What once was a people-driven industry is now becoming algorithm-driven, and the transition is proving painful for both companies and their employees.
IT’s Great Transformation
The Indian IT industry is not in decline—it is in transformation. The shift underway is arguably as significant as the Y2K opportunity that propelled it to global leadership. This transformation has five defining features:
- From services to products: Firms are increasingly building platforms, SaaS solutions, and IP-led offerings to capture recurring revenues.
- AI-first operations: AI is no longer an add-on but the backbone of service delivery, reshaping cost structures and client expectations.
- Reskilling imperative: Companies are investing heavily in upskilling programmes, though effectiveness remains uneven.

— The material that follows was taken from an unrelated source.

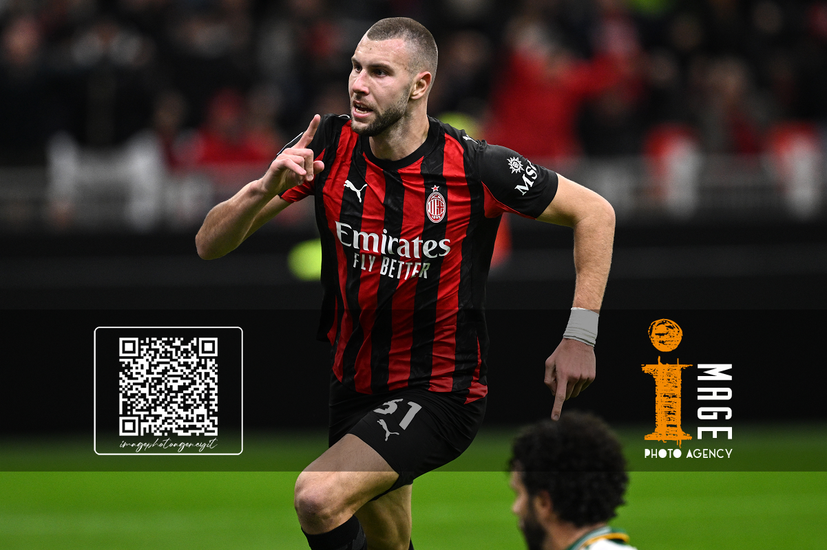 Mg Milano 02/11/2025 - campionato di calcio serie A / Milan-Roma / foto Matteo Gribaudi/Image Sport nella foto: esultanza gol Strahinja Pavlovic

The winners will be those who create truly future-ready talent pools.
- Global macro linkages: With 60%+ revenues coming from North America, Fed policy, U.S. tech budgets, and even U.S.–China trade dynamics will directly shape Indian IT fortunes.
- Ethics and employer branding: How companies handle layoffs, diversity, and employee well-being will increasingly influence both investor sentiment and client partnerships.
The real story, therefore, is not just about layoffs or buybacks—it is about an industry navigating a once-in-a-generation pivot.
Conclusion
The Indian IT sector stands at a crossroads. Infosys’ buyback and TCS’s layoff controversy are two sides of the same coin—one focused on capital efficiency, the other grappling with labour efficiency. Both highlight the deeper truth: the sector is in flux, caught between legacy service models and an AI-driven future. For investors, the buyback may offer modest, low-risk returns, but bigger opportunities may lie in mid-cap IT firms and AI-focused disruptors. For employees, the message is stark: reskill or risk redundancy. And for companies, the challenge is cultural as much as financial—how to embrace transformation without eroding the trust that built the industry in the first place.
As the festive season lifts IT stock prices and the Fed’s rate cuts provide tailwinds, the medium-term outlook remains cautiously optimistic. But beneath the optimism, a great reshaping is underway. The question is not whether Indian IT will survive—it will. The question is whether it can evolve quickly enough to remain the world’s trusted digital partner in an age of algorithms.